The principle of transaction barrier technology is, in the local database, set up branch sub_trans_barrier transaction state table, the only key to global transaction id – child transaction id – the transaction branch name (try | confirm | cancel)

  • Open the transaction
  • If it is a Try branch, then insert ignore to insert gID-branchID-try, and if the insertion is successful, then intra-barrier logic is called
  • If it is a Confirm branch, insert ignore inserts gID-BranchID-confirm, and if the insertion is successful, intra-barrier logic is invoked
  • If it is the Cancel branch, insert ignore to insert gid-branchID-try, then insert GID-branchid-cancel, and if the try is not inserted and Cancel is inserted successfully, then intra-barrier logic is called
  • The barrier logic returns success, commits the transaction, and returns success
  • The logic inside the barrier returns an error, and the transaction is rolled back

Under this mechanism, the problems related to network exceptions are solved

  • Void compensation control — If the Try is not executed and Cancel is executed directly, then Cancel inserted into gID-BranchID-try succeeds, without going through the logic inside the barrier, ensuring null compensation control
  • Idempotent control – no unique key can be inserted repeatedly in any branch, ensuring that execution is not repeated
  • Anti-suspension control –Try is executed after Cancel, so if the gID-BranchID-try inserted is not successful, it is not executed, ensuring anti-suspension control

A similar mechanism exists for SAGA transactions.

Summary of subtransaction barriers

Invented transaction barrier technology, for the DTM, its significance lies in the design simple and easy to implement algorithms, provides a simple and easy to use interface, at first, its significance lies in the design simple and easy to implement algorithms, provides a simple and easy to use interface, with the help of the two, developers completely liberated from network exception handling.

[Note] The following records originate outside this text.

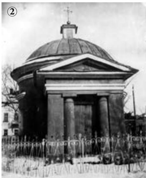
Часовня в честь Преображения Господня. 1924 год.

находилась между Спасо-Преображенским собором и Николаевской церковью (сейчас на этом месте тоже строения пожарной части, а старая каланча – парадокс! – сгорела), поворачивается еще левее – и перед нами еще одна часть Михайловской площади с видом на западную часть города (фото 5).
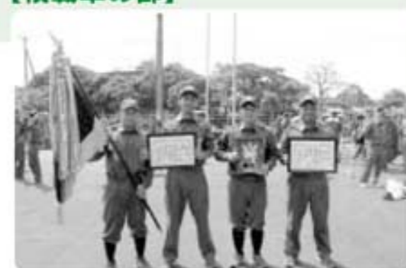
優勝 南郷分団本部
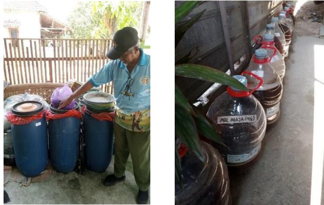
Gambar 4. Drum Fermentasi dan Hasil Pupuk Organik Cair Berbasis MOL

disosialisasikan dan diajarkan kepada petani Desa Rahayu menjadi pupuk organik cair berbasis MOL (mikroorganisme lokal) yang ramah lingkungan pengganti pupuk kimia.
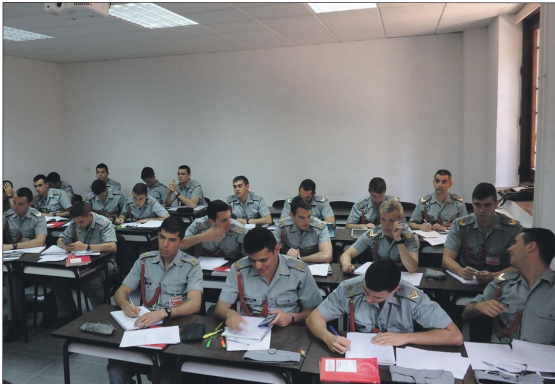
Los cadetes de Segundo, en una de las clases del último tramo del curso.
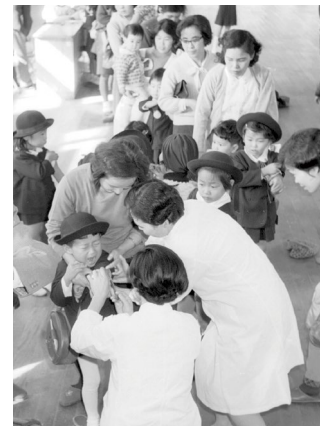
予防接種のようす(1968年)

The technology currently requires a DTM transaction manager, which the SDK is currently available to go developers. SDKS for other languages are being planned. For other distributed transaction frameworks, as long as appropriate distributed transaction information is provided, this technology can be implemented quickly according to the above principles.

conclusion

This article introduces some of the basic theories of distributed transactions, and explains the common distributed transaction schemes. In the second half of the article, it also gives the causes of transaction exceptions, classifications, and elegant solutions.

DTM supports TCC, XA, SAGA, transactional messaging, and maximum-effort notifications (implemented using transactional messaging), providing simple and easy-to-use access. Welcome to visit the DTM project, give a star support!